Шиночкин покрутил головой, дескать, ему «казаки» больше нравятся, однако тут же перестроился:
Много ли надо для счастья солдату? Живой — хорошо, курево есть — и того лучше. Дымили самокрутками, зажав винтовки коленями, поглядывали друг на друга, улыбались обветренными, почерневшими губами.
— Слышь-ко, господин прапорщик, — оборвал вдруг свою негромкую песню Шиночкин, — а вы чего молчите? Или о своей Анюте заскучали?
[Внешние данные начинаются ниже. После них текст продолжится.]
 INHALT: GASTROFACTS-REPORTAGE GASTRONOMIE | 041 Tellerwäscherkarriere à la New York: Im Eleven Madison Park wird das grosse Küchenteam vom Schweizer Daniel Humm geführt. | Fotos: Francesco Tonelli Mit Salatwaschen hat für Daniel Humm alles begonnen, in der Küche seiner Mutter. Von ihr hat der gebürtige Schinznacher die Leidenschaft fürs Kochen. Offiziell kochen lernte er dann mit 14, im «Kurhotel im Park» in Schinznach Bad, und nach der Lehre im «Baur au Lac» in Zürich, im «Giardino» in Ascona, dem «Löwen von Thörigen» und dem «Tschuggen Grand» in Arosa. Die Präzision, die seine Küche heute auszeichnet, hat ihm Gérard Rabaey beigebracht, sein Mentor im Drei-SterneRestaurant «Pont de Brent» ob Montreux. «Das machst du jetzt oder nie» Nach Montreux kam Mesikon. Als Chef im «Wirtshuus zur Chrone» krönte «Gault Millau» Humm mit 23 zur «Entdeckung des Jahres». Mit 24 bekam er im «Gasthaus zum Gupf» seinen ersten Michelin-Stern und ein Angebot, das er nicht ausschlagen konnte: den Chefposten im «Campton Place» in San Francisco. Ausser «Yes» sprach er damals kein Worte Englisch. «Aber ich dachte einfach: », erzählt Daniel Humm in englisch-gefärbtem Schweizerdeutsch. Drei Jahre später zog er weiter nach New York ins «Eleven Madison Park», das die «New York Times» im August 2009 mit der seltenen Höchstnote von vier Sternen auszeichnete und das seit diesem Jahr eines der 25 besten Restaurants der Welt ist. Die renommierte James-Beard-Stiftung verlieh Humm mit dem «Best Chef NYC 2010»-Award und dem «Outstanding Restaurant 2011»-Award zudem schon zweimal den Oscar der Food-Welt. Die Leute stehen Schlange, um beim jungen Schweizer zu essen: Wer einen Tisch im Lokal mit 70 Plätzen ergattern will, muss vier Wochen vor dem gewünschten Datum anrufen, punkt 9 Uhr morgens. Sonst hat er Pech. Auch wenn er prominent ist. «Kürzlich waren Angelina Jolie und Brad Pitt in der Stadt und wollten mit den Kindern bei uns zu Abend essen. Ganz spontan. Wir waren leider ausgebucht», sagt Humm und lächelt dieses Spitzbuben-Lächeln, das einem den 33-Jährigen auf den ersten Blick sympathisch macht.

— У меня Лена, — отозвался Николай Васильевич.
— Бросьте журиться, все хорошо будет, господин прапорщик. — Шиночкин не пояснил, почему все хорошо будет, но Николай Васильевич понял его. Хорошо, что вот так они сидят в этой проклятой воронке, что живые и что смотрят друг на друга с приязнью, а не так, как бывало раньше — подозрительно, настороженно. — Хочете, я вам другую, веселую песню спою? Я их знаю, может, целую тыщу!
— Так уж и тысячу? — подзадорил его прапорщик.
— Верное слово!
— А «Интернационал» знаешь? — вдруг спросил у него Мирон.
— Чего?
— А того, что это самая первейшая песня из всех песен. Могу спеть. В ней — про наши, можно сказать, мозолистые, трудовые руки.
— А что означает ин-тер-национал? — спросил Ванятка, глядя в рот Мирону. — Ты сначала поясни, а потом уже пой.
— Интернационал — значит объединение, — охотно начал разъяснять сухопутный матрос. — Понял, нет? Потому как это пролетарский гимн… Понятно?